地域の実情はどうか。先日、甲府商工会議所でサービス業や情報通信業等で構成する部会の方々と意見交換する機会があった。そこではやはり、企業が採用や人材育成に苦慮しているとの声が目立った。「新卒採用が難しいから大規模な機械化、DXに踏み切った」「多めに内定を出しても、実際に入社してくれるか不安になる」など。
デジタルネイティブと呼ばれ、時間効率(タイパ)を重視する世代の人材育成はどうしたらよいか、という話にまで及んだ。驚いたのは、企業側の方々が若者の日常生活の送り方や、考え方を本気で知りたいとしている姿だ。そこに「社員は駒」と考えている企業はなかった。
柔軟な働き方の導入やスキルアップの機会提供、内的ワークエンゲージメント(給与や福利厚生などの条件面ではなく、仕事それ自体に幸福といったものを感じる心理状態)を高めるための模索、集中力を継続してもらう工夫、東京支社勤務など若者の首都圏勤務の希望を叶える働き方等々、経営者や幹部たちが若手社員側の立場から考え、もがいている様子が痛いほど伝わってきた。
米国の社会学者アーリー・ホックシールドが「肉体労働」「頭脳労働」に続く第3の労働形態として提唱した「感情労働」という概念がある。顧客などの満足を得るために自身の感情をコントロールし、常に模範的で適切な言葉・表情・態度で応対することを求められる労働として近年注目されているが、若手社員と向き合う経営者や幹部クラスの方々のこの姿こそ社内感情労働のようにすら映る。
要は皆、不安なのだ。人材の不安、コストの不安、存続の不安。それはおそらく学生も企業も同様だ。先が見えないVUCAの時代、どう生きていくのが正解かが見えない中、企業は人材不足も影響し、やらなければならないことばかりが増えていく。
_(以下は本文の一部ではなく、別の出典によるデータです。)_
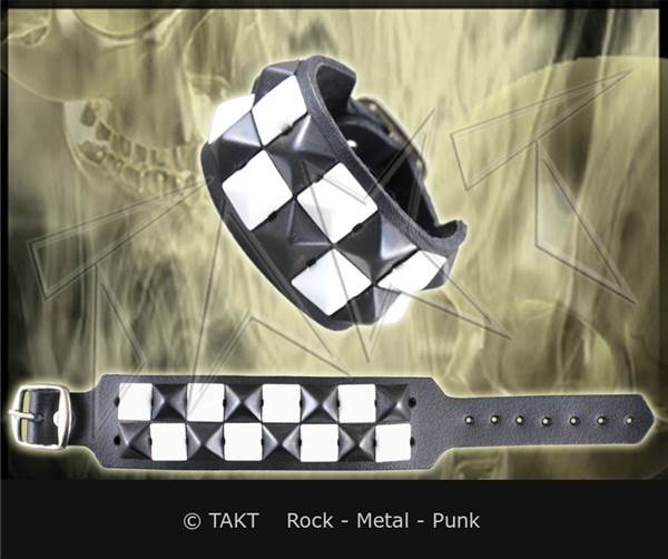 Kovové pyramidy černo - bílé barvy o velikosti 1,2x1,2 cm. Opasek na ruku má klasické zapínání na kovovou přezku. Jeho rozměry jsou cca : šířka 3 cm, regulovatelná délka zapnutí na zápěstí je 15,5 až 21,5 cm

このような中、必要となるのは若手社員の心情に耳を傾け、信頼して任せることができる指南役だろう。私自身、右も左も分からない若手の頃、仕事に面白みを感じ没頭できたのは「どうしたで?」と声を掛け、内容を共に吟味し、「思ったようにやってみろ」と背中を押してくれた上司や関係者がいたからにほかならない。時代に合ったスマートな経営と同時に、地方として“消滅”させてはいけないのは、この山梨の、豪快で、暑苦しいほどおせっかいで、人情味がある“経営者”たちが築いてきた人と人との関係を活かした経営なのかもしれない。